Keempat, kita amat berharap pihak otoritas pemerintah atau negara tidak bersikap tergesa-gesa dan menyediakan ruang keterbukaan publik terkait penggunaan vaksin dan terutama dengan wajib benar-benar menimbang poin kedua.
Kelima, bertititik tolak dari poin kesatu, pihak pemerintah atau negara juga mesti ekstra waspada mengenai kemungkinan cukup besar adanya faktor bisnis besar yang tampaknya bisa bermain baik dari kalangan domestik dan apalagi dari faktor persaingan atau permainan pelaku bisnis global yang tergiur menambang cuan alias untung besar.
Keenam, sekali lagi kita mengingatkan penggunaan vaksin oleh warga masyarakat sebaiknya diusahakan benar agar pemerintah atau negara dapat menggratiskannnya.
Ketujuh, kita menyarankan pihak pemerintah atau negara kalau akan mendatangkan vaksin sebaiknya tidak hanya berasal dari satu negara saja. Hal ini buat mengantisipasi kemungkinan timbulnya hal-hal yang tidak diinginkan atau untuk menghindari bila terjadi apa-apa di belakang hari. Terkait soal ini, ada baiknya pula melihat vaksin yang akan digunakan negara-negara tetangga sekawasan yang memiliki kesamaan dari sisi bawaan ras.

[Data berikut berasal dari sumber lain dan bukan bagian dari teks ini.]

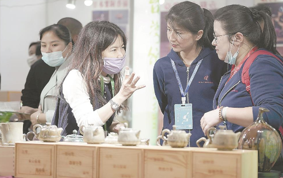 一位台湾参展商(左)在介绍公司生产的特色茶具。 本报记者 王毅 摄
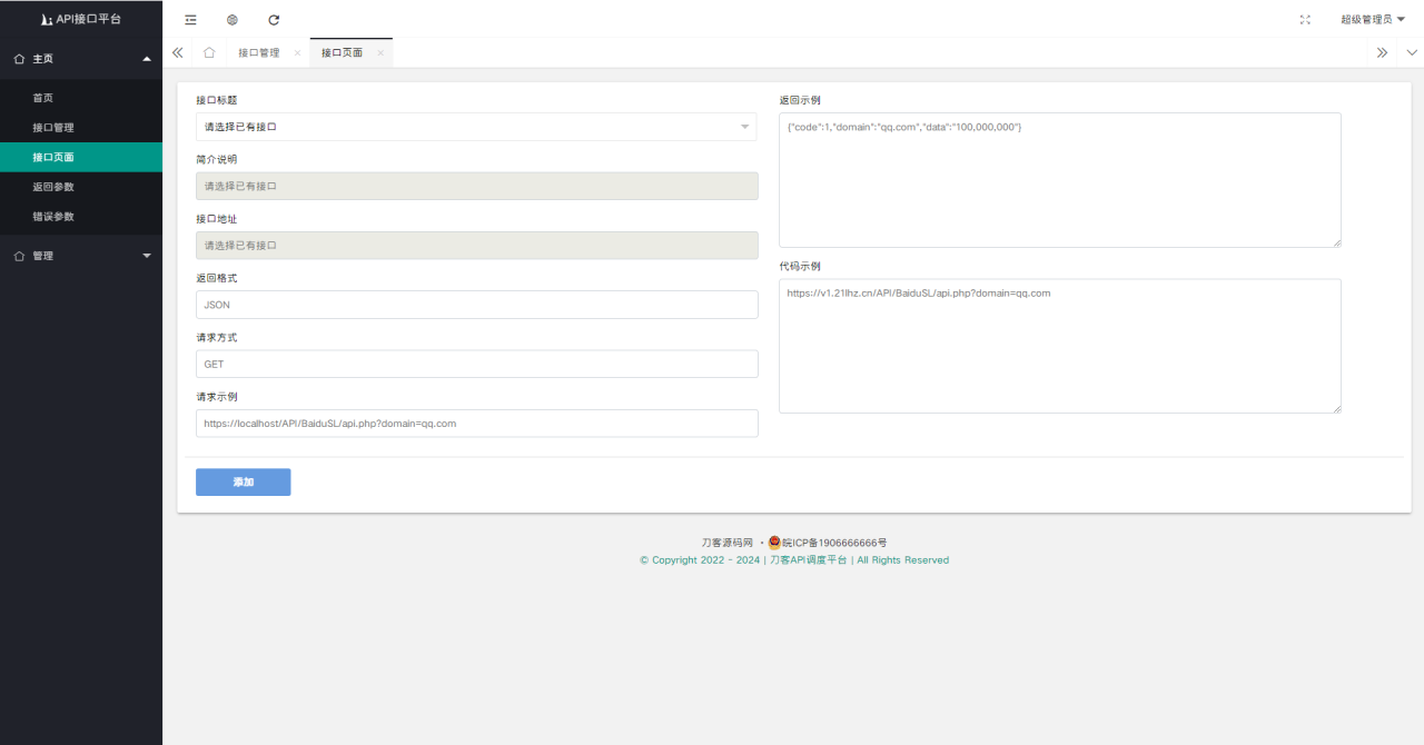 admin 冒泡网 2024-01-17 2024全新开发API接口调用管理系统网站源码 附教程 源码简介: 2024全新开发API接口调用管理系统网站源码 附教程 用layui框架写的 个人感觉很简洁 方便使用和二次开发 源码图片: 本站声明: 1、本内容转载于网络,版权归原作者所有! 2、本站仅提供信息存储空间服务,不拥有所有权,不承担相关法律责任! 3、本内容若侵犯到你的版权利益,请联系我们,会尽快给予删除处理! 4、本站项目均需要自学,无指导;项目如有涉及付费环节,请自行判断,本站不负责项目的真伪!

Kedelapan, pihak pemerintah atau negara harus mewaspadai dan menimbang cerdas terkait ketersediaan, produksi, dan pemanfaatan vaksin ini sebelum mengambil keputusan. Sebab, akhir-akhir ini, hari ini, dan ke depan dipastikan akan banyak fake news maupun fake science di ranah pemberitaan media yang mungkin meragukan tingkat kebenarannya. Apalagi oleh banyak negara dan sangat boleh jadi termasuk Indonesia mengandalkan benar--untuk tidak menyebut sebagai senjata pamungkas--penggunaan vaksin buat memerangi Covid-19.